About Lightning Strikes

Monday, November 30, 2015

Assessment: Applying What You Know

In my last post, A Lively Debate and the founding of Jamestown, I wrote about how debate engaged my students and deepened their understanding of the historical events in the early years of Jamestown. We used a historical novel, Blood on the River, as one of the means of learning this history. We also use the novel to learn new vocabulary and to discuss literary elements, in particular, character development and the choices the characters made throughout the book.

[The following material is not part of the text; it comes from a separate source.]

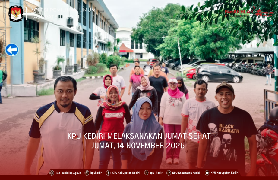 Kediri, kab-kediri.kpu.go.id - Jumat (14/11), pukul 07.30 WIB, KPU Kabupaten Kediri menggelar kegiatan Jumat Sehat sebagai bagian dari upaya menjaga kebugaran tubuh, meningkatkan kesehatan jasmani, serta mempererat kebersamaan dan kekompakan antar pegawai di lingkungan KPU Kabupaten Kediri.

Of course, there comes a time when we need to assess our students' learning and understanding. For Blood on the River we give two tests. For assessing knowledge of vocabulary we give a straightforward vocabulary test on the words students had studied. For the "book test" we developed an essay test that requires students to understand the historical events, the cultures of both the English and the Algonquians, and how the choices made by the various leaders of Jamestown affected events. Here it is:

Final Jamestown Essay
Think about the events in Blood on the River and also what you learned from the other Jamestown activities (Choosing a location, survival, debate, using John Smith’s map, etc.). You will write a 1½ to 2 page (handwritten) or 1 to 1½ pages typed response to the following scenario. You may use the Blood on the River book but nothing else. Be sure to include examples (events) from the history of Jamestown that support your ideas.
Scenario: You are the new leader of James Town. Before leaving England you talked with John Smith about the settlement and all of the problems he encountered. You arrive after the terrible winter that killed all but 60 of the settlers. You have more settlers and supplies from England. How will you lead the settlement? How will you get others to cooperate and work toward a common goal? What will the goals be? How will you deal with the Indians? Compare your plans with the plans of past leaders.
We have been using this test for several years. Because I found that children were often confused by this format, we now have a test prep session where I explain to them what they will need to do, how they should prepare, and also give them a rubric. The rubric indicates that they will be graded on how they plan to lead the colony, what kinds of goals they have, how they will get colonists to cooperate, and how they will deal with the Indians. They are also graded on the comparisons they draw with the real leaders of Jamestown (which included both strong, fair leaders, and selfish, short-sighted leaders), and writing mechanics.

Though this test does not test reading comprehension in the "normal" way, or examine literary elements, I like it because it requires students to apply what they have learned from our study of history and Blood on the River. For example, by the time we have finished our Jamestown study, they should know that they must find a way to live at peace with the Algonquian people, both because it is the ethical choice and because there are way more Indians than English in Virginia in 1610 and considering the numbers, the English cannot eliminate all the Indians. (I have had students in some years suggest that as a solution, believe it or not.)

This kind of test is not easy for young students, but even if they don't succeed completely, it shows what they know in a deeper way than answering factual-type questions.